La noche se extendía como un manto de terciopelo negro, salpicado de estrellas que titilaban con una serenidad indiferente al caos en el que se encontraba Amelia. Desde la ventana enrejada de la habitación donde la habían encerrado, la joven observaba el cielo nocturno, buscando consuelo en las constelaciones que siempre la habían acompañado.
El frío se filtraba por las paredes de concreto, haciéndola estremecer. La fina blusa que llevaba no ayudaba a combatir la temperatura gélida. Se abrazó a sí misma, tratando de mantener el calor, mientras sus pensamientos volaban hacia un único nombre.
—Gabriel... —susurró, como si el viento pudiera llevar su ruego hasta él.
Apoyó la frente contra el vidrio sucio, sus labios temblando no solo por el frío, sino por el miedo. Cerró los ojos e imaginó que él también miraba las estrellas en ese mismo instante. Era una idea absurda, pero necesitaba creer que había alguna conexión entre ellos, incluso en ese momento tan oscuro.
—Si estás ahí afuera, viendo esto mismo... encuéntrame —pidió en voz baja, con el corazón latiendo desbocado.
Las lágrimas se agolparon en sus ojos, pero se negó a dejarlas caer. No iba a permitir que el miedo la quebrara. Las estrellas siempre le habían dado fuerza, y esta vez no sería diferente.
Con los puños apretados, se obligó a recordar las constelaciones que tanto amaba.
—Orión, el cazador —murmuró, trazando las líneas imaginarias en el cielo—. Casiopea, la reina arrogante... Y la Osa Mayor, siempre ahí, guiando.
Su voz se quebró al llegar a la última constelación. Gabriel siempre le había parecido como esa estrella polar: distante, frío, pero innegablemente presente. Quizá él no lo sabía, pero había sido su punto fijo desde que lo conoció.
Un ruido metálico la sobresaltó. Se apartó de la ventana de inmediato, su respiración acelerándose. Pasos pesados resonaron más allá de la puerta. Se pegó contra la pared, sus músculos tensos.
La puerta se abrió con un chirrido, y un hombre alto y corpulento la observó con una sonrisa burlona.
—¿Te gustan las estrellas, preciosa? —preguntó con sorna.
Amelia no respondió. Su mirada se mantuvo fija y desafiante.

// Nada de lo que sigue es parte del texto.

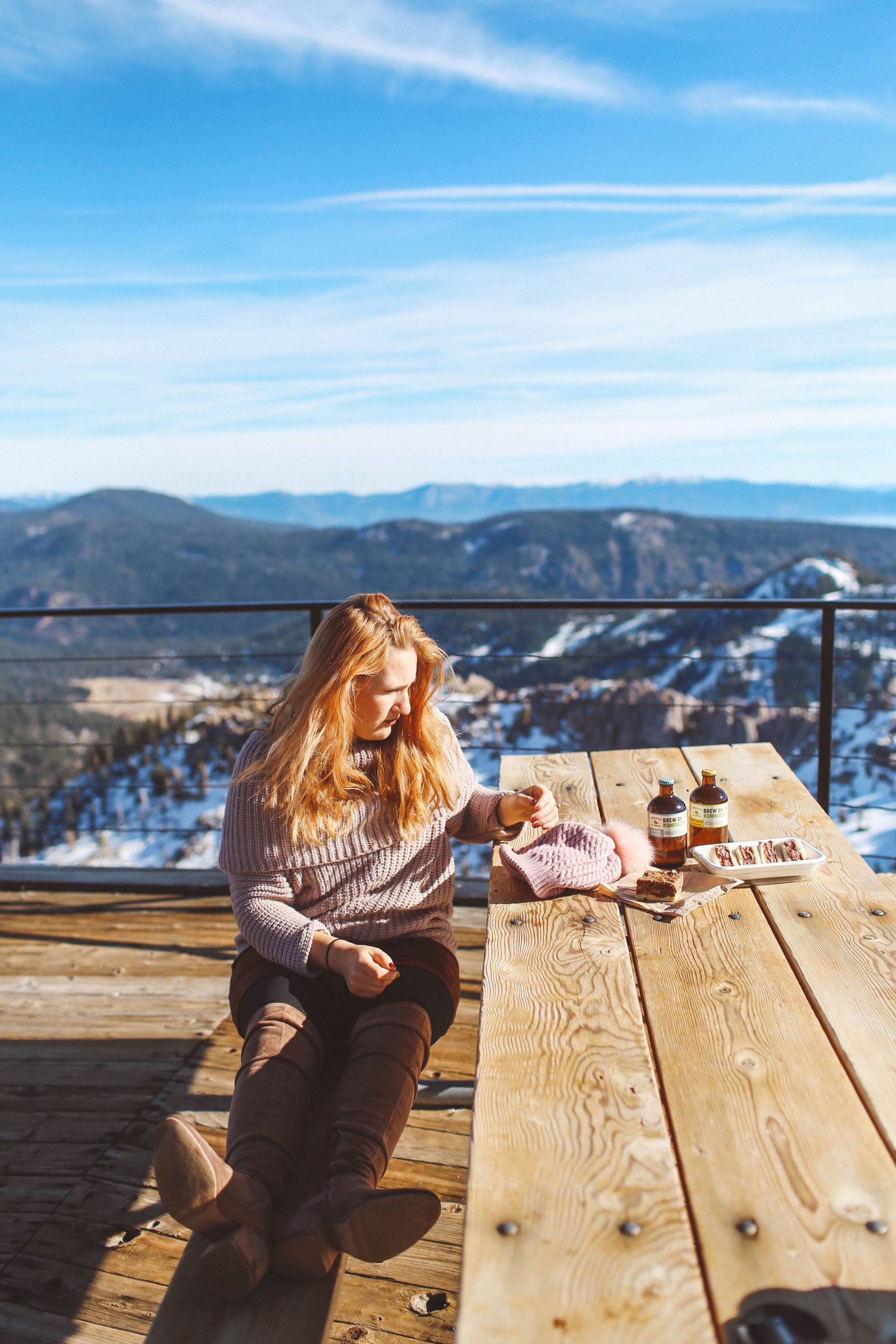 For lunch, we took the tram to High Camp – this was the highlight of our trip for both of us. The views up the mountain are priceless. Usually, there is the Terrace Bar open, but it is currently under renovations. No matter, because the Marketplace served as a great stop to grab a light lunch and head out on the giant patio on top of High Camp for a picnic in the sunshine. From this high up, you can see the blue water of Lake Tahoe between the snowy peaks.

—Espero que no te hagas muchas ilusiones. Nadie va a venir por ti —dijo antes de cerrar la puerta de un golpe.
El eco del portazo resonó en la habitación, dejando a Amelia sola nuevamente. Tragó saliva, tratando de calmar el temblor de su cuerpo. Volvió a mirar el cielo, buscando la fuerza que las estrellas siempre le habían dado.
—Aguanta, Amelia. Gabriel... si de verdad ves las estrellas esta noche, ven por mí.
Sus dedos trazaron formas invisibles en el aire, como si con eso pudiera enviar un mensaje al universo.
Porque aunque el miedo la rodeara, ella no dejaría de creer en la posibilidad de ser encontrada.
Gabriel miraba el cielo con el ceño fruncido y los puños cerrados. Le parecía la cosa más absurda y patética hablarle a las estrellas. ¡A las malditas estrellas! Pero Amelia creía en ellas. Así que, contra todo sentido común, allí estaba él, con su amargura intacta, odiando al mundo entero, alzando la mirada y hablando con esos puntos brillantes que lo observaban desde la distancia.
—Esto es una estupidez —murmuró, su voz ronca cargada de frustración—. Pero si ella cree en ustedes, supongo que no tengo nada que perder.
El viento nocturno soplaba frío, revolviendo su cabello desordenado. Gabriel respiró hondo, luchando contra el nudo en su garganta. Nunca había sido un hombre que hablara con el cielo. Era frío, práctico, seco. Y sin embargo...
—Ayúdennos —pidió a regañadientes—. Ayúdenme a encontrarla.
Se quedó en silencio, sintiéndose vulnerable y ridículo, pero también sorprendido de que la desesperación lo llevara a esto.
"Las estrellas son testigos de los ruegos que nunca se gritan, pero siempre esperan ser escuchados."